And it started off perfectly, almost like a parallel universe continuation of his last film. Jesse Aaron Fisher is 35 and works a mindless college recruitment job in New York City. High school students come in, ask questions, he gives them stock answers, they leave, repeat.

Jesse has one thing that keeps him going. Books. He looooooves books. Oh, I mean he really loves books. His ex, who just broke up with him, comes over to his place to get her stuff, and instead of taking advantage of this last opportunity to repair their relationship, he reads a really awesome book instead.

Jesse also loves college. Or loved college. It’s been 13 years since he finished his small liberal arts education, and boy does he miss it. So when one of his favorite professors and good friends calls to inform him he’s folding up the chalkboard and would like Jesse to speak at his retirement party, Jesse can’t jump in his car fast enough.

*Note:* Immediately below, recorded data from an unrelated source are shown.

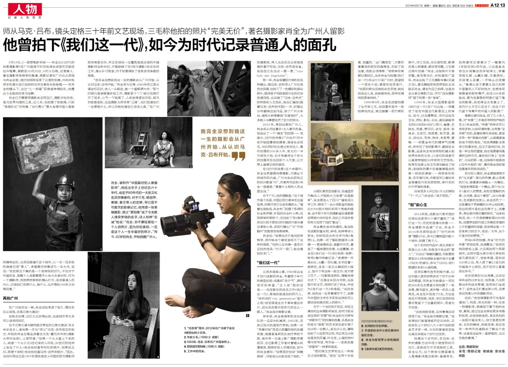9月19日,《一起想象新羊城——肖全2021时代的肖像摄影展》在广州荔湾万科花地湾生活馆花花剧场拉开帷幕,展期至10月20日。9月15日晚,应策展人、著名摄影家陈锐军的邀请,南都记者在广州白云宾馆与肖全会面。彼时他刚刚结束了云南的拍摄,兴冲冲地用手机展示自己拍到的华坪女高校长张桂梅——在肖全的镜头下,这位“七一勋章”获得者神情轻松,流露出少女般的好奇与恬静。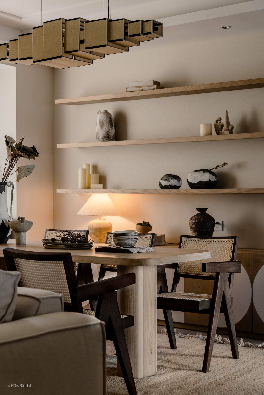 从餐桌到吊灯,无一不采用原木材质,为空间增添了许多自然元素。枯枝花艺、棉麻地毯、手工瓷碗等饰品,是设计师在空间中对细节把控和对自然风格深刻剖析的体现。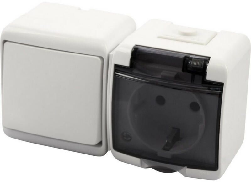Aquastar Kapcsoló+dugalj IP54 vízszintes, fehér komplett, falon kívüli, horizontális, 10A/16A, 250V, 60Hz, IP54, kültéri, fehér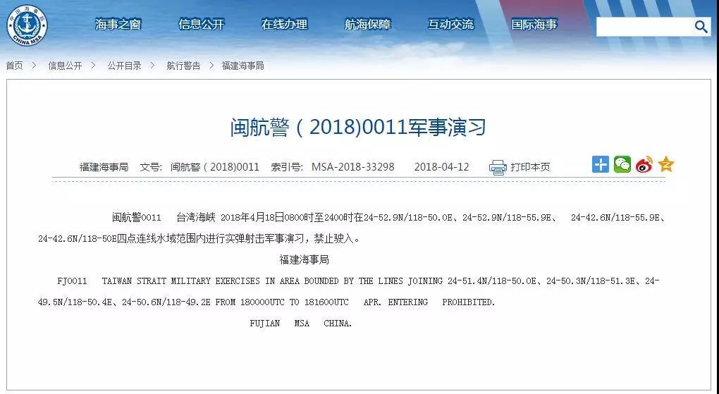 中國福建海事局消息,解放軍將于18日在臺灣海峽進行實彈射擊軍事演習(xí)。(福建海事局網(wǎng)站)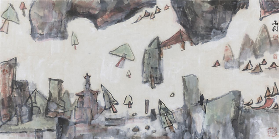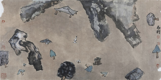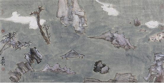 我溯源而上,试图以敦煌壁画来带动自己的想象力和创造力,提取传统山水画的符号,打破时空的束缚,以语言解构的方式将其分解重新组合,让传统山水画焕发出新的光彩,让人有更大的想象空间和不同的视觉体验。我尽量让语言符号简洁化,抽象化,仍以传统笔墨为基础书写表现,诗境的营造更加有趣味性,糅合风景画的一些元素,让画面具有一种新奇而又神秘的画面效果,增加其视觉效果。在作品中的符号选择上,主要把写生提炼的和历代大家经典的符号提出来作为主要构成元素,如空亭、松树、山峦、云霭、瀑水等。

From the moment he reaches campus, Jesse is a different man. There’s a pep in his step, a smile on his lips, a life surrounding his bones. The vibe on this tiny little campus is more electric than all of New York City put together. And it’s just about to jump a few volts higher.

Jesse runs into one of the students there, the cute and way more intelligent than the average college kid, Zibby. She seems to be just what Jesse needs at the moment, someone to excite him, to remind him to loosen up, to be young again. And so when Jesse runs into her a second time at a dorm room party, so begins a very tense very sexually charged friendship.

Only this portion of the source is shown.